今日失ったものの重さが、さらに別の喪失につながっていくことを。
夜になっても、千速は泣かなかった。
警視庁からの説明。
遺体確認の手続き。
必要書類。
連絡。
研二の荷物。
すべてを、淡々とこなした。
押村は付き添いを申し出たが、千速は首を横に振った。
「一人で行ける」
「無理をするな」
「してねぇ」
「千速」
千速は押村を見る。
その目は赤くなかった。
「奏斗」
「何だ」
「今日のこと、忘れるな」
押村は少し息を止めた。
「忘れない」
「研二のこと、知らなくてもいい。でも、今日私が泣かなかったことは忘れるな」
「……なぜ?」
千速は少しだけ笑った。
「いつか、泣けなくなる日があるかもしれねぇから」
押村は言葉を失った。
千速は背を向ける。
「その時は、思い出させろ。
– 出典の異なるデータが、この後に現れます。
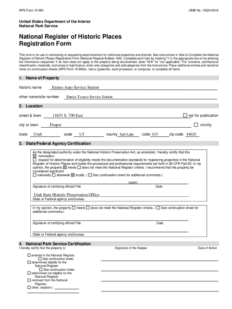 NPS Form 10900OMB No. 100240018United States Department of the Interior National Park ServiceNational Register of Historic Places Registration Form This form is for use in nominating or requesting
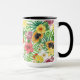 Tropical mix-fruit, flowers and leaves on white mug
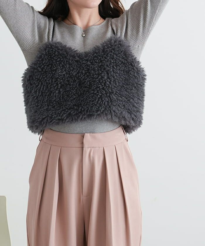 ・羊のような、ふわもこ感が可愛いキャミソール型のビスチェ
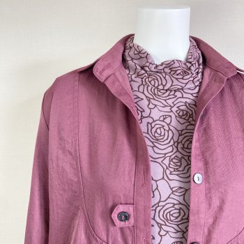 ・ピンクのジャケット×バラ柄のピンクカットソー
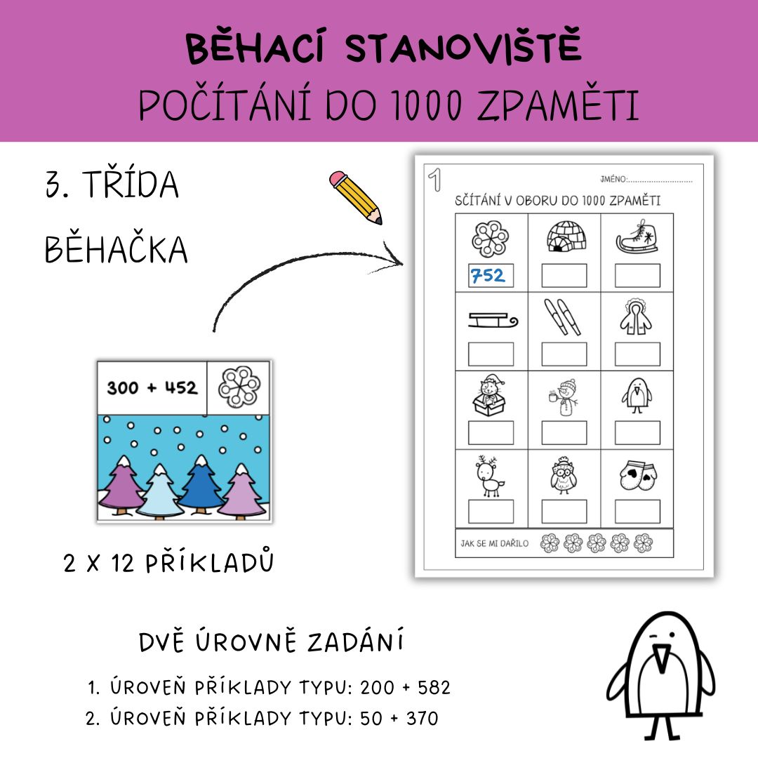 Sčítání čísel v oboru do 1000 zpaměti - BĚHAČKA zima
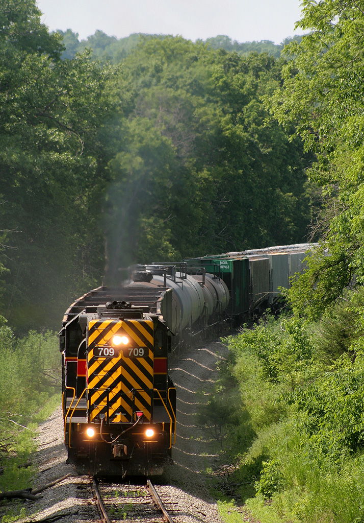 The Rocket struggles up Putnam Hill. The max tonnage for one GP38-2 on the hill is 3100 tons and the 709 made it up the hill with 3106 tons!
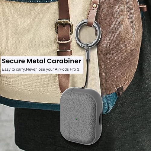 Betcolyn - [2 في 1] جراب حماية لسماعات ابل ايربودز برو 3 من بيتكلين، غطاء حماية ناعم من جلد البولي يوريثين الحراري مع سلسلة مفاتيح للنساء والرجال مضاد للصدمات - (رمادي)
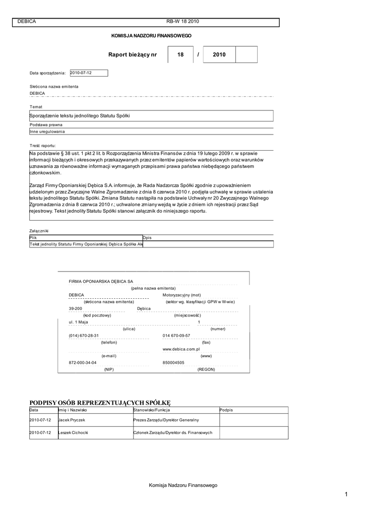 DEBICA RB-W 18 2010 KOMISJA NADZORU FINANSOWEGO 18 Raport bieŜący nr Data sporządzenia: 2010 / 2010-07-12 Skrócona nazwa emitenta DEBICA Temat Sporządzenie tekstu jednolitego Statutu Spółki Podstawa prawna Inne uregulowania Treść raportu: Na podstawie § 38 ust. 1 pkt 2 lit. b Rozporządzenia Ministra Finansów z dnia 19 lutego 2009 r. w sprawie informacji bieŜących i okresowych przekazywanych przez emitentów papierów wartościowych oraz warunków uznawania za równowaŜne informacji wymaganych przepisami prawa państwa niebędącego państwem członkowskim. Zarząd Firmy Oponiarskiej Dębica S.A. informuje, Ŝe Rada Nadzorcza Spółki zgodnie z upowaŜnieniem udzielonym przez Zwyczajne Walne Zgromadzenie z dnia 8 czerwca 2010 r. podjęła uchwałę w sprawie ustalenia tekstu jednolitego Statutu Spółki. Zmiana Statutu nastąpiła na podstawie Uchwały nr 20 Zwyczajnego Walnego Zgromadzenia z dnia 8 czerwca 2010 r.; uchwalone zmiany wejdą w Ŝycie z dniem ich rejestracji przez Sąd rejestrowy. Tekst jednolity Statutu Spółki stanowi załącznik do niniejszego raportu. Załączniki Opis Plik Tekst jednolity Statutu Firmy Oponiarskiej Dębic a Spółka Akc FIRMA OPONIARSKA DĘBICA SA (pełna nazwa emitenta) Motoryzac yjny (mot) DEBICA (sektor wg. klasyfikacji GPW w W-wie) (skrócona nazwa emitenta) Dębica 39-200 (miejscowość ) (kod poc ztowy) 1 ul. 1 Maja (numer) (ulic a) 014 670-09-57 (014) 670-28-31 (fax) (telefon) www.debica.c om.pl (www) (e-mail) 850004505 872-000-34-04 (REGON) (NIP) PODPISY OSÓB REPREZENTUJĄCYCH SPÓŁKĘ Data Imię i Nazwisko Stanowisko/Funkc ja 2010-07-12 Jacek Pryczek Prezes Zarządu/Dyrektor Generalny 2010-07-12 Leszek Cic hocki Członek Zarządu/Dyrektor ds. Finansowych Podpis Komisja Nadzoru Finansowego 1 Załącznik do uchwały nr 7/XVII/2010 Rady Nadzorczej Firmy Oponiarskiej Dębica S.A. Tekst jednolity Statutu Firmy Oponiarskiej Dębica Spółka Akcyjna. STATUT Firmy Oponiarskiej Dębica Spółka Akcyjna Tekst jednolity I. POSTANOWIENIA OGÓLNE §1 1. Firma Spółki brzmi: Firma Oponiarska Dębica Spółka Akcyjna. 2. Spółka moŜe uŜywać skrótów : T.C. Dębica S.A. lub Tyre Company Dębica S.A. §2 Siedzibą Spółki jest miasto Dębica. §3 1. Spółka działa na podstawie Kodeksu Spółek Handlowych oraz innych właściwych przepisów. 2. W braku postanowień Statutu stosuje się przepisy wymienione w ust.1 §4 1. Spółka działa na obszarze Rzeczpospolitej Polskiej i za granicą. 2. Czas trwania Spółki jest nie oznaczony. II. PRZEDMIOT DZIAŁALNOŚCI SPÓŁKI §5 Przedmiotem działalności Spółki jest: 1. Produkcja opon i dętek z gumy; bieŜnikowanie i regenerowanie opon z gumy 22.11.Z 2. Produkcja pozostałych wyrobów z gumy 22.19.Z 3. Produkcja maszyn do obróbki gumy lub tworzyw sztucznych oraz wytwarzania wyrobów z tych materiałów 28.96.Z 4. Naprawa i konserwacja maszyn 33.12.Z 5. Naprawa i konserwacja urządzeń elektronicznych i optycznych 33.13.Z 6. Naprawa i konserwacja urządzeń elektrycznych 33.14.Z 7. Instalowanie maszyn przemysłowych, sprzętu i wyposaŜenia 33.20.Z 8. Wytwarzanie energii elektrycznej 35.11.Z Załącznik do uchwały nr 7/XVII/2010 Rady Nadzorczej Firmy Oponiarskiej Dębica S.A. Tekst jednolity Statutu Firmy Oponiarskiej Dębica Spółka Akcyjna. 9. Przesyłanie energii elektrycznej 35.12.Z 10. Dystrybucja energii elektrycznej 35.13.Z 11. Wytwarzanie i zaopatrywanie w parę wodną, gorącą wodę i powietrze do układów klimatyzacyjnych 35.30.Z 12. Pobór, uzdatnianie i dostarczanie wody 36.00.Z 13. Konserwacja i naprawa pojazdów samochodowych, z wyłączeniem motocykli 45.20.Z 14. SprzedaŜ hurtowa części i akcesoriów do pojazdów samochodowych, z wyłączeniem motocykli 45.31.Z 15. SprzedaŜ detaliczna części i akcesoriów do pojazdów samochodowych, z wyłączeniem motocykli 45.32.Z 16. SprzedaŜ hurtowa wyrobów chemicznych 46.75.Z 17. Pozostała wyspecjalizowana sprzedaŜ hurtowa 46.7 18. Pozostała sprzedaŜ detaliczna prowadzona w niewyspecjalizowanych sklepach 47.19.Z 19. Obiekty noclegowe turystyczne i miejsca krótkotrwałego zakwaterowania 55.20.Z 20. Pozostała usługowa działalność gastronomiczna 56.29.Z 21. Pozostały transport lądowy pasaŜerski, gdzie indziej niesklasyfikowany 49.39.Z 22. Transport drogowy towarów 49.41.Z 23. Magazynowanie i przechowywanie pozostałych towarów 52.10.B 24. Działalność pozostałych agencji transportowych 52.29.C 25. Badania naukowe i prace rozwojowe w dziedzinie pozostałych nauk przyrodniczych i technicznych 72.19.Z 26. Pozostałe doradztwo w zakresie prowadzenia działalności gospodarczej i zarządzania 70.22.Z 27. Działalność w zakresie inŜynierii i związane z nią doradztwo techniczne 71.12.Z 28. Pozostała działalność profesjonalna, naukowa i techniczna, gdzie indziej niesklasyfikowana 74.90.Z. III. KAPITAŁ ZAKŁADOWY §6 Załącznik do uchwały nr 7/XVII/2010 Rady Nadzorczej Firmy Oponiarskiej Dębica S.A. Tekst jednolity Statutu Firmy Oponiarskiej Dębica Spółka Akcyjna. 1. Kapitał zakładowy Spółki dzieli się na 13.802.750 (słownie: trzynaście milionów osiemset dwa tysiące siedemset pięćdziesiąt ) akcji o wartości nominalnej 8,-złotych (słownie: osiem) kaŜda. 2. Kapitał zakładowy wynosi 110.422.000,00 zł (słownie złotych: sto dziesięć milionów czterysta dwadzieścia dwa tysiące ). §7 1. Wszystkie akcje Spółki są akcjami na okaziciela i nie podlegają zamianie na akcje imienne. 2. Akcjami Spółki są następujące akcje: - serii A o numerach od nr 000000001 do nr 008400000. - serii B o numerach od nr 008400001 do nr 010100000. - serii C o numerach od nr 010100001 do nr 013802750. §8 1. Akcje Spółki mogą być umarzane albo za zgoda akcjonariusza w drodze ich nabycia przez spółkę (umorzenie dobrowolne), albo bez zgody akcjonariusza (umorzenie przymusowe). Umorzenie akcji Spółki wymaga obniŜenia kapitału zakładowego. Uchwała o obniŜeniu kapitału zakładowego powinna b
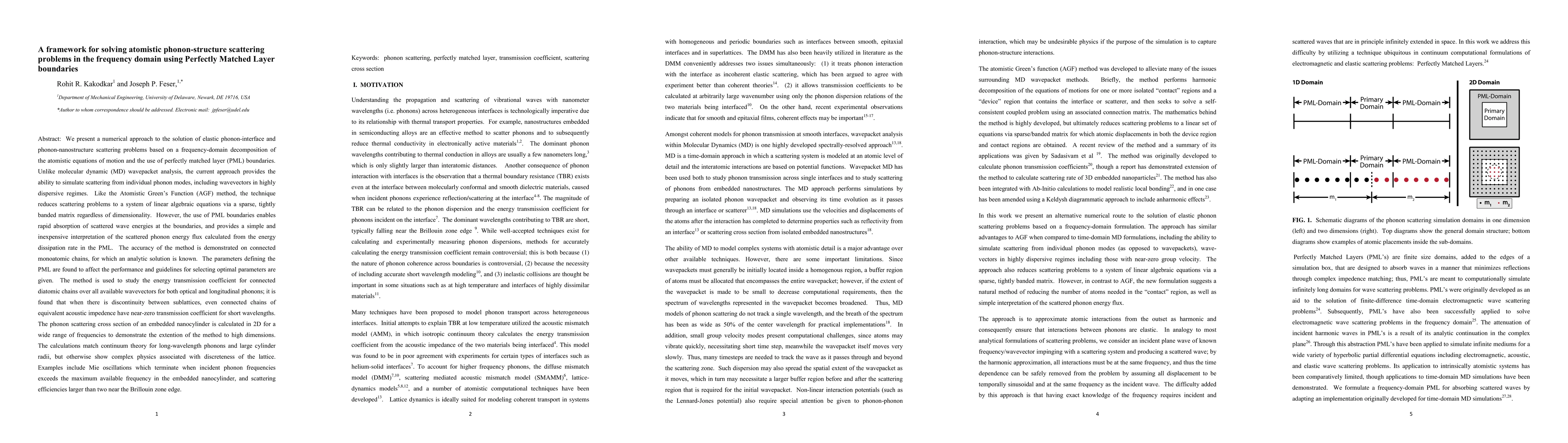 This paper introduces a numerical framework for solving atomistic phonon-structure scattering problems using frequency domain decomposition and Perfectly Matched Layer (PML) boundaries. The method efficiently simulates scattering from individual phonon modes and demonstrates accurate energy transmission coefficients and scattering cross sections for various phonon configurations.
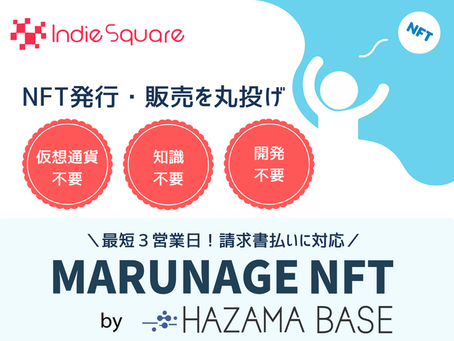 HAZAMA BASEで、当社のこれまでの経験を元にお客様のご要望に併せた最適なブロックチェーンの選定やNFT規格を提案します。すべて請求書払いで当社が代行することで、暗号資産やウォレットの管理、さらには法人や自治体様がweb3を始める上で大きく立ちはだかる期末会計等の会計・税務の問題を解決し、安全かつ迅速にweb3ビジネス展開をご支援するのが「MARUNAGE NFT」です。
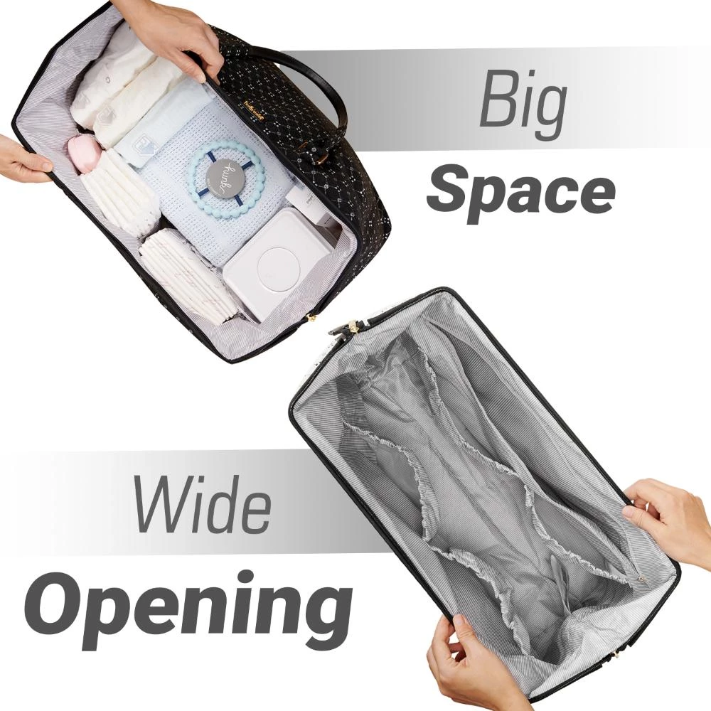 The Sunveno Mommy Fashion Diaper Bag in Black blends functionality with a modern fashion-forward design. This stylish bag serves as both a diaper organizer and a handbag, offering plenty of space with well-placed internal compartments. It features a wide opening and a flexible internal bottle chamber that keeps bottles upright and baby essentials easy to access. Designed with durable, waterproof polyester fabric, this bag resists dirt and scratches while remaining lightweight and easy to wipe clean. With built-in stroller hooks, a large diaper changing mat, a wet bag, and a storage pouch, it’s ideal for travel or full-day outings. The dedicated side pocket holds wipes securely and includes a zipper with an inner dispenser slot for convenient use. Whether you're heading to the gym, a weekend getaway, or simply running errands, this multipurpose bag transitions seamlessly from mom duty to lifestyle utility.
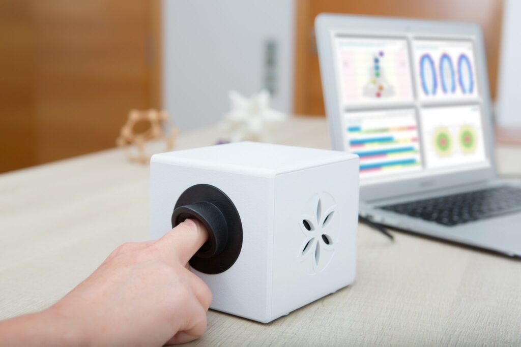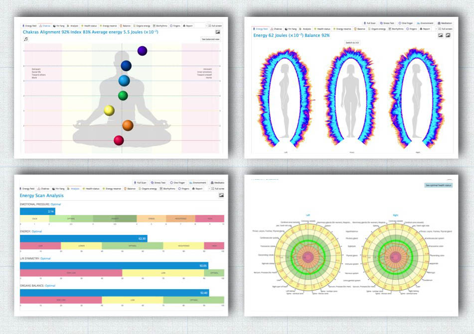 Además, la forma en que efectúa los diagnósticos no es invasiva y muy fácil de realizar. Las mediciones (bioelectografías electrofotónicas) se realizan en las puntas de los dedos de las manos (entendiendo su relación con órganos, sistemas y posiciones del cuerpo, basados en la medicina tradicional china). En pocos minutos se puede ver el campo de energía humano del paciente, teniendo gráficas precisas y sencillas de leer, incluso emitiendo conclusiones dentro de su software y un reporte muy claro sobre el estado de salud del paciente.
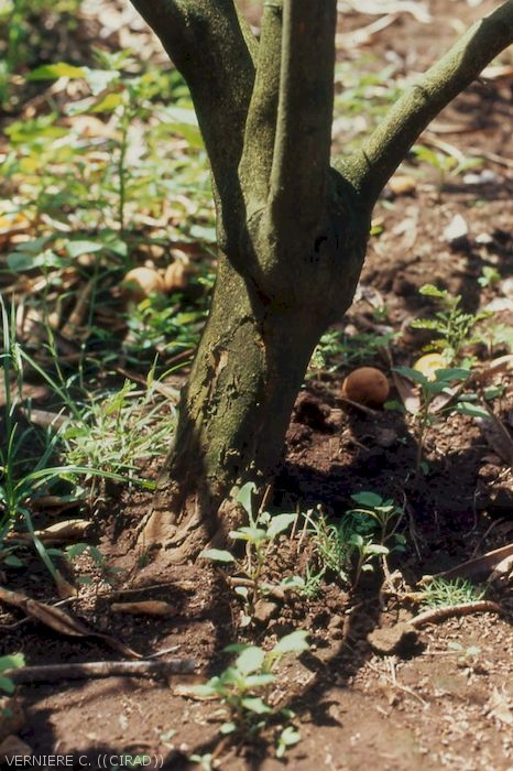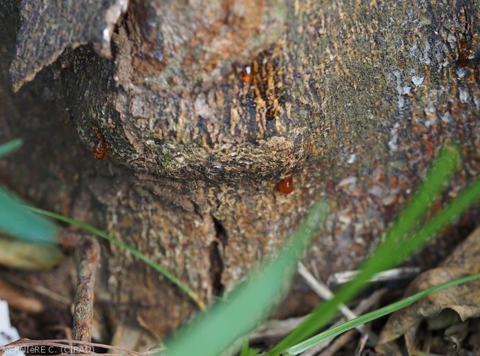 - Si attaque des racines, le dépérissement de l'arbre ou du jeune plant se produit alors de façon généralisée sans exsudation de gomme.
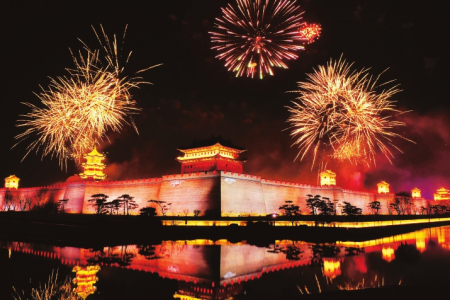 絢爛的焰火在太原古縣城上空綻放。

私は泣けないんじゃなくて、泣かなかっただけだって」
押村は静かに頷いた。
「分かった」
「頼む」
「分かった」
千速は歩き出した。
その背中は、ひどく真っ直ぐだった。
だからこそ、痛々しかった。
横溝が隣に来る。
「押村」
「はい」
「俺も覚えとく」
押村は横溝を見る。
「今日、初対面でしたよね」
「ああ」
横溝は千速の背中を見ながら言った。
「だが、あんな顔されたら忘れられねぇよ」
押村も同じ方向を見る。
白バイ隊員、萩原千速。
弟を失った姉。
それでも泣かなかった人。
この日から、押村奏斗の中で千速は、ただの同期ではなくなった。
守りたいと思ったわけではない。
彼女は守られるだけの人間ではなかったからだ。
ただ、いつか彼女が崩れそうになった時。
その時だけは、隣にいたいと思った。
そして横溝重悟もまた、この日に萩原千速という女を知った。
荒っぽくて、強くて、泣かない。
けれど、誰よりも深く傷ついている女を。
七年前。
萩原研二が殉職した日。
千速は泣かなかった。
松田陣平は、怒りを胸に焼きつけた。
押村奏斗は、何もできない自分を知った。
横溝重悟は、初めて会った女の強さを忘れられなくなった。
そしてその日から、彼らの時間の中に、戻らない名前が刻まれた。
萩原研二。
チャラくて、人懐っこくて、姉を「姉ちゃん」と呼んで笑っていた男。
その声は、もう帰ってこない。
けれど、千速の中で。
松田の中で。
そして、いつか奏斗と重悟の中でも。
研二は、消えない傷として残り続けることになった。